If you are happy using the Hotmail web client on your desktop (and plan to always be connected to the Internet), you won't have this sync problem, and so you would have no reason to subscribe to Office 365 or equivalent.

Outlook does not use EAS. EAS is a mobile protocol for synching.

I'm pretty sure, Outlook uses RPC over HTTP to sync with Exchange, which is completely different.

Hotmail does not support IMAP. It supports POP3 and DeltaSync - the latter of which is implemented in Outlook Connector/Outlook 2010 and in Windows Live Mail. Hotmail has never supported IMAP. Exchange, however, does support IMAP as well as OWA which can be used to sync email to some clients (i.e. Blackberries via BIS can use OWA to sync Exchange mailboxes).

You can use Windows Live Mail and Outlook to Sync Windows Live data. The main issue -some- people have is the way it partitions off Windows Live data from your main Outlook data. People just want to have everything in one place, instead of having to duplicate it due to the way it's handled by Outlook.

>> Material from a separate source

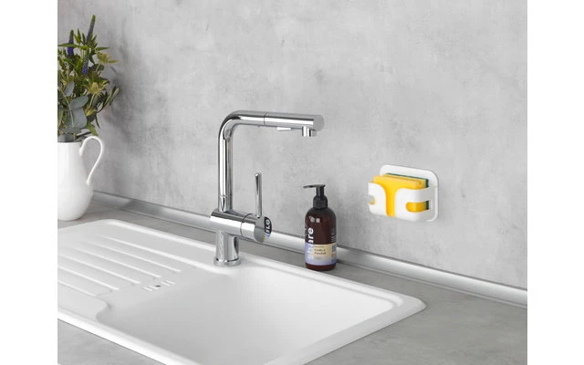 El soporte decorativo de plástico blanco puede colocarse en cualquier lugar y así la esponja está siempre al alcance de la mano

This can easily be solved, by people who have no hard preferences, by simply switching to Windows Live Mail. For others, paying for a hosted Exchange account and using that is a worthy work around. I personally think it's a waste of cash. I did have a Hosted Exchange account for a while, though. Just didn't seem worth the hassle to me. If you use different platforms concurrently the Exchange account can free you from having to have accounts on multiple services (though that's a bit harder to do these days :p ).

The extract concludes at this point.